:: RECORDED DATA ::
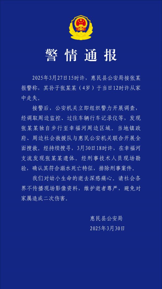 当晚,惠民县警方对此事发出警报,通报称,张某希系溺水死亡,排除刑事案件。而且我对年轻生命的逝去感到非常难过。请不要传播现场视频资料,维护死者尊严,避免对家属造成二次伤害。通知内容如下。" 2025 年 3 月 27 日 15 时许,惠民县公安局接到张某的报警,称其孙子张某某。 ( 4 岁 ) 于当日 12 时许迷失在家里。
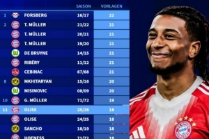 奥利塞本赛季德甲22轮已18次助攻,距离联赛历史纪录还差4次
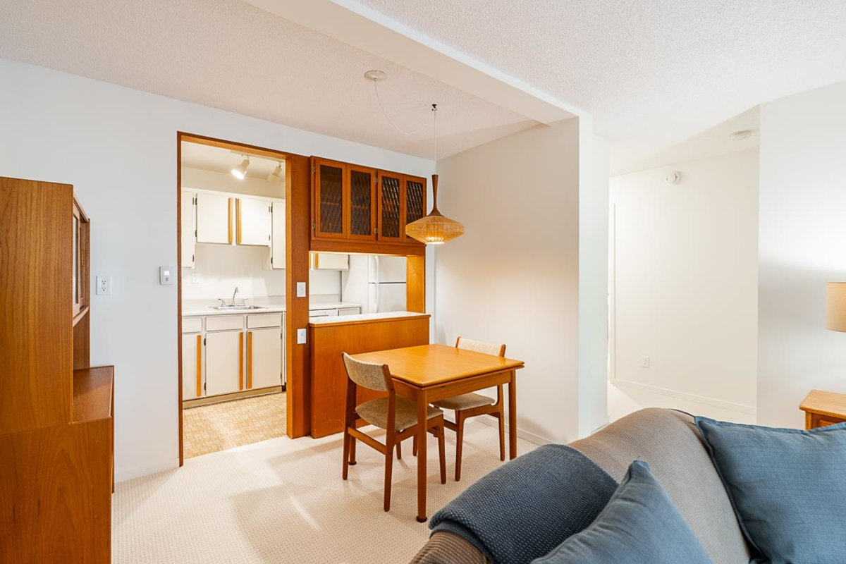 This tastefully updated S/F 1bdr & flex is where modern updates & vintage style come together to create a move in ready home. Offering 680s/f of living space + an additional 82s/f in the solarium. The generous-sized bedroom has a walk-through closet to a semi-ensuite bath & there’s plenty of insuite storage. Recent updates include new carpets, baseboards, solid wood doors & fresh paint. Building amenities incl a central courtyard, rooftop deck, same-floor laundry (in suite with strata approval) & more! Vanier Court is a well-maintained & reputable building, it has an onsite caretaker, a strata-owned suite for financial stability, a new roof and elevator & upgraded common areas. 3 pets are welcome (dogs & cats) & the M/F includes heat h/w & electricity. Welcome to your Home Sweet Home!

:: ASSIGNED TASK ::
Give back the full listing verbatim, skipping each picture.

:: EXERCISE OUTPUT ::
 当晚,惠民县警方对此事发出警报,通报称,张某希系溺水死亡,排除刑事案件。而且我对年轻生命的逝去感到非常难过。请不要传播现场视频资料,维护死者尊严,避免对家属造成二次伤害。通知内容如下。" 2025 年 3 月 27 日 15 时许,惠民县公安局接到张某的报警,称其孙子张某某。 ( 4 岁 ) 于当日 12 时许迷失在家里。
 奥利塞本赛季德甲22轮已18次助攻,距离联赛历史纪录还差4次
 This tastefully updated S/F 1bdr & flex is where modern updates & vintage style come together to create a move in ready home. Offering 680s/f of living space + an additional 82s/f in the solarium. The generous-sized bedroom has a walk-through closet to a semi-ensuite bath & there’s plenty of insuite storage. Recent updates include new carpets, baseboards, solid wood doors & fresh paint. Building amenities incl a central courtyard, rooftop deck, same-floor laundry (in suite with strata approval) & more! Vanier Court is a well-maintained & reputable building, it has an onsite caretaker, a strata-owned suite for financial stability, a new roof and elevator & upgraded common areas. 3 pets are welcome (dogs & cats) & the M/F includes heat h/w & electricity. Welcome to your Home Sweet Home!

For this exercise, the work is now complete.